Der Service Delivery Manager ist dafür zuständig, ausgewählte Elemente für den Kunden bereitzustellen. Er ist außerdem für die täglichen Kanban-Meetings und die Delivery-Planungsmeetings verantwortlich und wird manchmal auch Flow Manager oder Flow Master genannt.

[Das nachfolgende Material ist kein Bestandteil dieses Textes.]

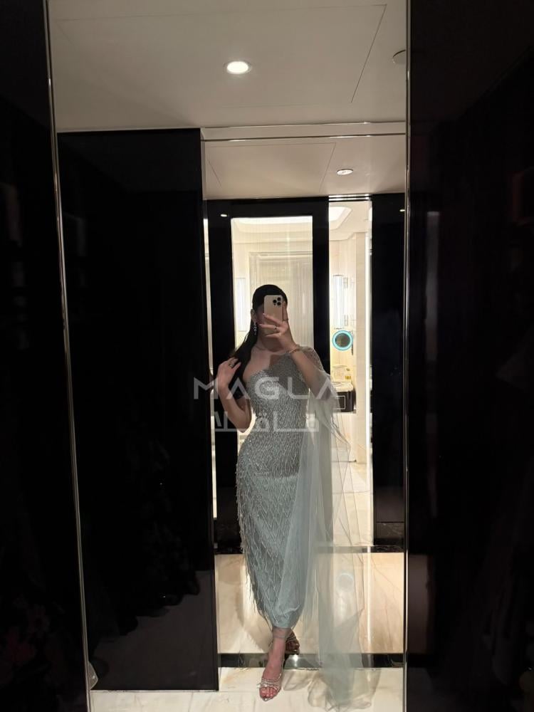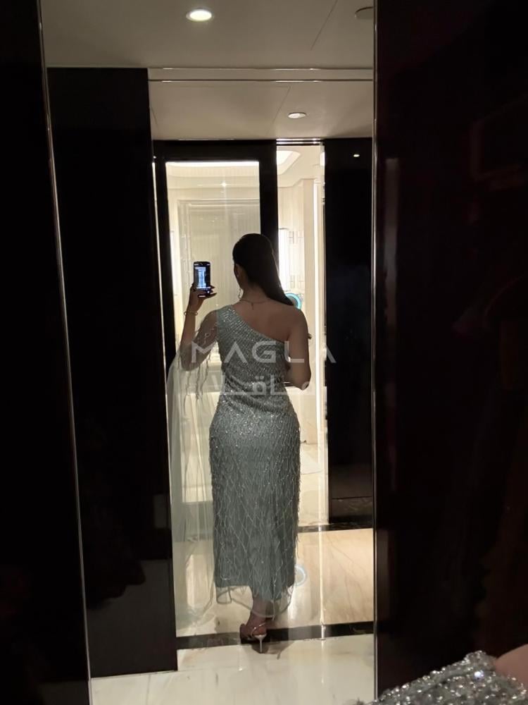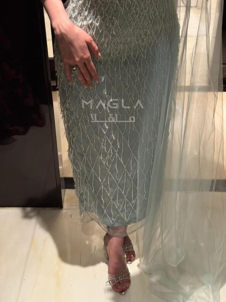 بلون تيفاني فاتح عصري وناعم، بطول ١٥٥ سم مناسب للسهرات والمناسبات الخاصة.

Dafür gibt es ein Konzept, genannt STATIK (Systems Thinking Approach to Introducing Kanban). Anstatt isoliert Komponenten eines Systems zu betrachten, muss man verstehen lernen, wie sich ein System als Ganzes verhält. Ziel ist die Verbesserung der Wertschöpfung für den Kunden. Dafür werden acht Schritte empfohlen, die nicht unbedingt nacheinander, sondern iterativ im Team durchlaufen werden sollen:
Schritt 0 | Services identifizieren |
Schritt 1 | Verstehen, was den Service für den Kunden zweckmäßig (Fit for Purpose) macht |
Schritt 2 | Quellen von Unzufriedenheit mit dem gegenwärtigen System erkennen |
Schritt 3 | Die Anforderungen analysieren |
Schritt 4 | Die Leistungsfähigkeit analysieren |
Schritt 5 | Den Workflow modellieren |
Schritt 6 | Serviceklassen finden |
Schritt 7 | Das Kanban-System gestalten |
Schritt 8 | Das System und Board-Design sozialisieren und die Implementierung aushandeln |
Damit Organisationen ihre Fortschritte mit Kanban prüfen können, sollen Sie einen sogenannten Lackmustest machen. Er besteht aus 4 übergeordneten Fragen (die jeweils 4 detailliertere Fragen enthalten):
1.
Hat sich das Führungsverhalten verändert, um Kanban zu ermöglichen?
2.
Hat sich die Kundenschnittstelle im Einklang mit Kanban geändert?
3.
Haben sich Vereinbarungen mit dem Kunden durch Kanban verändert?
4.
Hat sich das Geschäftsmodell Ihrer Service Delivery verändert, um Kanban auszuschöpfen?